Recently, I was working on a large test stitch project that I was just over. I didn’t want to be an asshole and skip out on my promise to finish the test pattern, but I needed a break.
So, I picked up another test stitch—this one a Prudence Kitsch, Persistent Bitch pattern. If you are familiar with Pru, you know that first they are hilarious, but they are also fun—and fast—to stitch. It was just the cleanse I needed to power through the other project. Groove restored.
How Stitchers Get their Groove Back
Find a Buddy
Maybe the reason you’ve lost your mojo is that you are lonely. Ok that sounds counterintuitive because lots of us like the sit-in-acomfy-chair-with-tea-and-my-stitching vibeand it’s time to recharge from a hectic day.
But maybe you just need a little time with a fellow stitcher—someone who speaks your stitching love language. In this time of Covid-19 (aka The Great Unpleasantness), these buddies don’t have to be (nor should they be) sitting next to you at a coffee shop or in your living room. For example, StitchLife started a daily video session that quickly transformed into an interactive video chat for 15-20 minutes each morning.
Most of the folks who join in work from home, so we don’t have office/workplace interactions let alone access to other local stitchers. I can’t speak for the regulars on that Zoom session, but it is a great boost for me each day. And usually we all have a good laugh or an inappropriate conversation that personally gives me the human interaction to get through the solitude of isolation.
Give Yourself a Break
One of the people I spoke with about how to get she gets groove back said plainly, “I walk away!” by Dana L Costa
Hells yeah, stitchahs!
Give yourself a break and do something else completely.
Maybe it’s a sport or other physical activity. At the start of the pandemic, I picked up tennis to get myself out of the house but still remain socially distant.
Maybe it’s another craft—crochet, painting, whatever.

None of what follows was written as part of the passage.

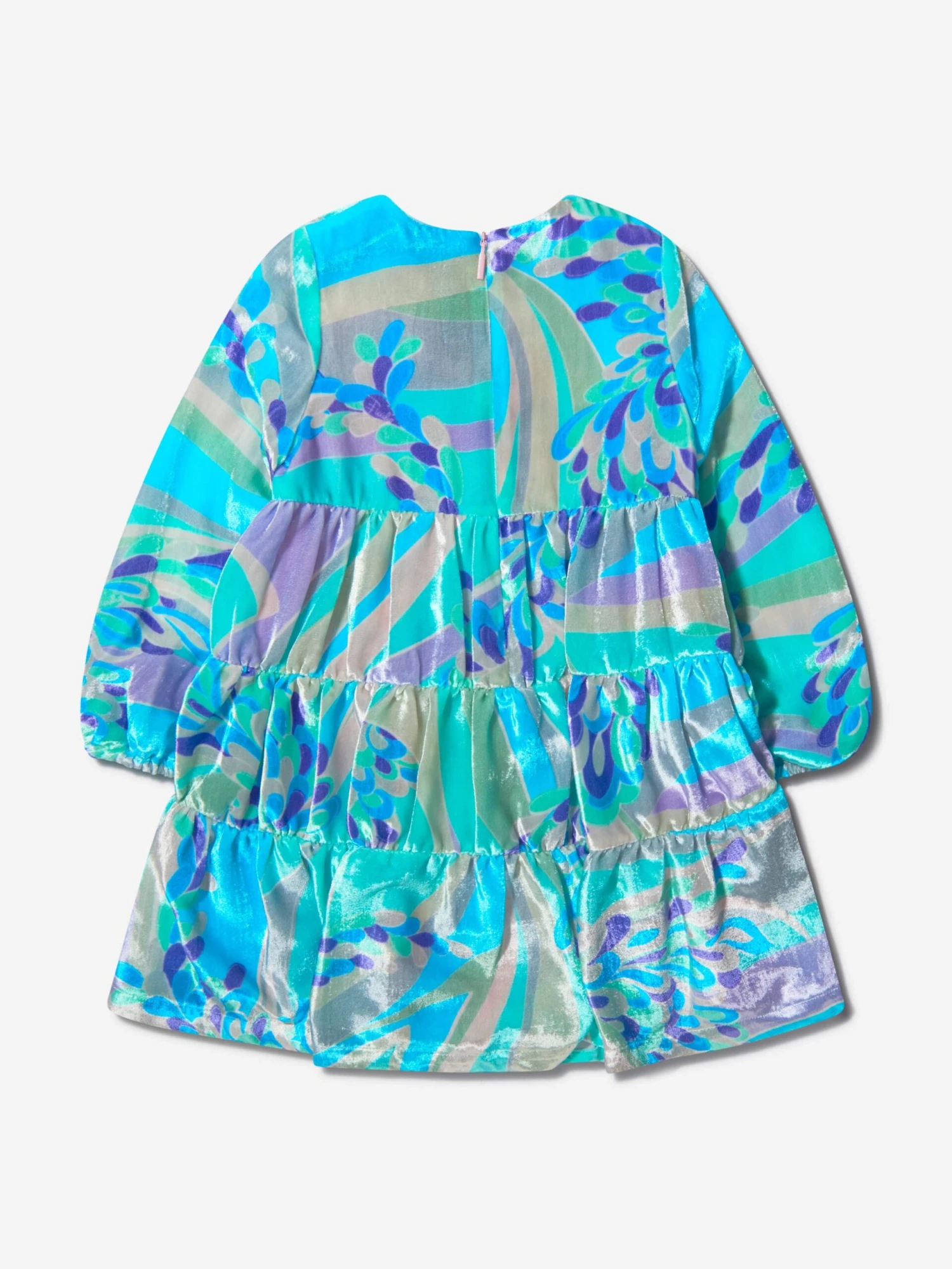•A chic revamp to your girls’ wardrobe with this breathtaking Emilio Pucci’s Silk Patterned Dress in Blue. Invest in style and comfort today for your little fashionista. Be quick and order now!

Maybe it’s reading.
The point is to give yourself permission to lose your groove and not beat yourself up about it. Sometimes it happens.
For example, when I was a kid my mother said that I went through a phase when all I would eat was grape jelly on white bread. Not toast. Bread. Not strawberry jam. Grape jelly. I’m sure I was a massive pain in the ass. As quickly as I found it, I lost my grape jelly mojo. I had too much of it and needed new flavors in my life. I eventually came back to grape jelly but, at the time, embraced being over it with no apologies.
Maybe stitching is your grape jelly and you need to add some flavors to your life for a time. That’s cool. Don’t lose any sleep over it.
When you are ready, you will come back.